A Market-Integrated Response to an Emergency in Kyrgyzstan

man standing in farm field with livestock
November 03, 2011

In an article published on the Humanitarian Practice Network, Mercy Corps' Robin Currey, Meghan Neumann, and Patrick Eckford detail market-integrated emergency response in the post-conflict provinces of Osh and Jalal-Abad in southern Kyrgyzstan.
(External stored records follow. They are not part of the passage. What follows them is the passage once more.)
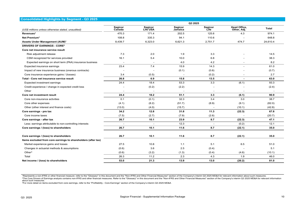 Sagicor's operations are divided into five main segments: Sagicor Canada, Sagicor Life USA, Sagicor Jamaica, Sagicor Life, and Head Office/Other. The Q3 2025 performance varied significantly across these segments, with Canada and the USA driving the strongest results.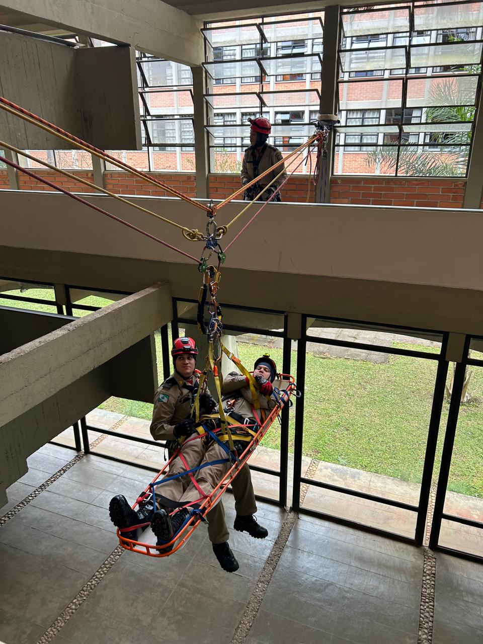 - Tirolesas: Técnicas avançadas de tirolesa foram ensinadas para transpor grandes vãos e obstáculos com vítimas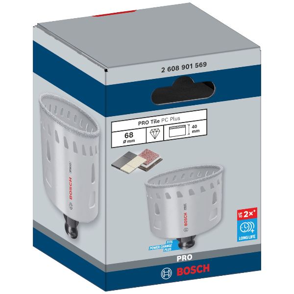 Durata fino a 2 volte superiore rispetto a una sega a tazza diamantata standard - La realizzazione di un buon foro nelle piastrelle dure, nella pietra o persino nel vetro è un compito difficile per qualsiasi professionista, ma con la tua abilità e la sega a tazza PRO Tile puoi affrontare il lavoro con fiducia. Le grane diamantate di alta qualità su un bordo continuo ti consentono di iniziare il taglio in posizione inclinata, e non ti serve nemmeno una guida. PRO Tile presenta un design altamente efficace e una lunga durata. I grani sono saldamente fissati tra loro mediante brasatura. Le scanalature termiche disperdono gli accumuli di calore indesiderati, garantendo prestazioni di lunga durata. Da utilizzare con il mandrino senza chiave Bosch Power Change Plus: offre precisione e robustezza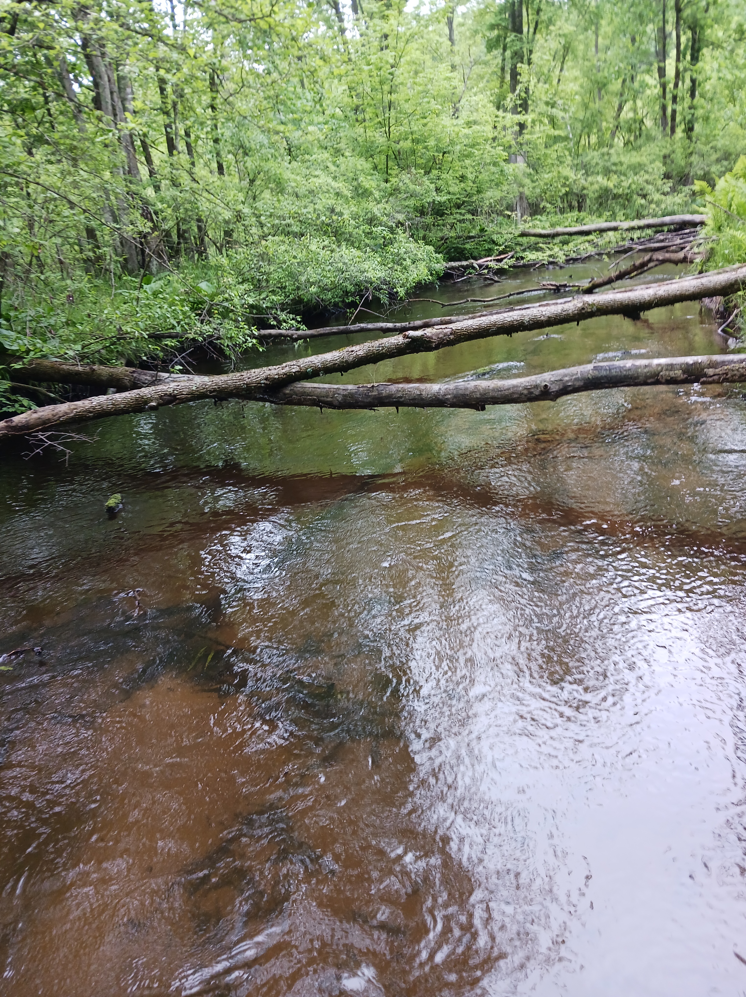 We fished a stretch of the Pigeon that’s upstream of Tin Bridge. We expected lots of gravel bottom and shallow water and didn’t know what to expect for good bends or deep holes. We hadn’t fished the stretch before. It wasn’t long before we came to the beaver dam we discovered last fall (and I reported to the DNR). The elevation drop is just high enough to keep some migrating/spawning browns and rainbows from getting upstream (my opinion). The DNR guy I spoke with said he would contact some trappers about the beavers because if they open the dam the beavers would just block it up again. Doesn’t look like much has changed in the last ten months. The Pigeon River needs some help after the Song of the Morning fiasco.
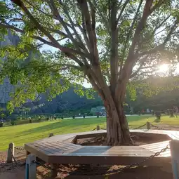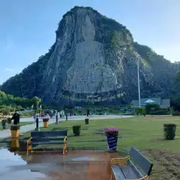 Khao Chee Chan, I believe many people have been there. This is an important place with a carved Buddha image on a stone mountain called 🙏"Phra Phuttha Maha Wachira Uttamo Phassada"🙏 The carved patterns are beautiful, standing out on large stone slabs. The place is beautifully decorated. The surrounding area is a shady garden. In front, there is a wide lawn where you can stand and admire the beauty of the entire Buddha image. There are corners to sit and take pictures at various points.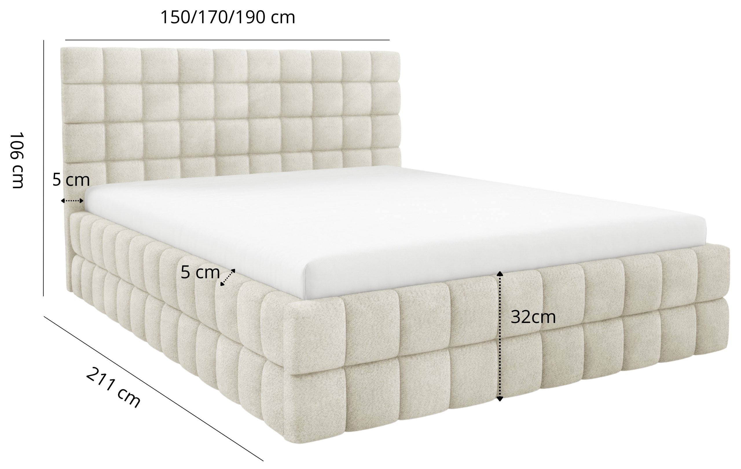 Okvir kreveta izrađen je od metalnog profila širine 34 mm, što osigurava čvrstoću i dug vijek trajanja. Tapecirana površina dodaje mekoću i toplinu, pa se krevet lijepo uklapa u različite unutarnje stilove – od modernog do klasičnog. Dostupan je u raznim bojama i tkaninama, među ostalim i u nijansi Doha 02, koja svojom neutralnom i elegantnom bojom omogućuje jednostavno kombiniranje s ostalim namještajem u spavaćoj sobi.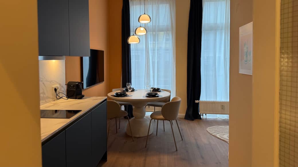 Krzesełko dla dziecka, Maszyna do kawy, Przybory kuchenne, Zmywarka, Kuchenka, kuchenka mikrofalowa, Lodówka, Przyprawy, Opiekacz

Mercy Corps has been working in Kyrgyzstan since 1994, focusing on micro-entrepreneurship, food security, small-holder farming and livestock development, and conflict mitigation. Established in 2004 through the consolidation of five Mercy Corps-affiliated micro-credit agencies, Kompanion, a community development financial institution specializing in group lending, now employs over 1,000 staff, has 94 offices and is Kyrgyzstan’s largest micro-finance institution, per number of customers. In June 2010, conflict erupted in Osh and Jalal-Abad provinces of southern Kyrgyzstan. Thousands of households lost family members, homes and possessions, as well as business assets. When the conflict broke out, over 45,000 of Kompanion’s 109,900 clients were in the affected areas. Many of these clients needed credit relief quickly and additional assistance to recapitalize their businesses. Robin Currey, Meghan Neumann and Patrick Eckford (all Mercy Corps team members) wrote an article on the emergency assistance Kompanion provided for its clients and the mechanisms put in place to provide it. Kompanion and Mercy Corps implemented programming designed to spur livelihood recovery for micro-entrepreneurs in southern Kyrgyzstan. This is in line with the organization’s commitment to responding to short-term needs while remaining aware of and focused on long-term development processes and opportunities to ‘build back better’. This was Kompanion’s first emergency relief intervention, and its model of emergency response is applicable to other micro-finance institutions (MFIs) and development organizations working in post-conflict contexts.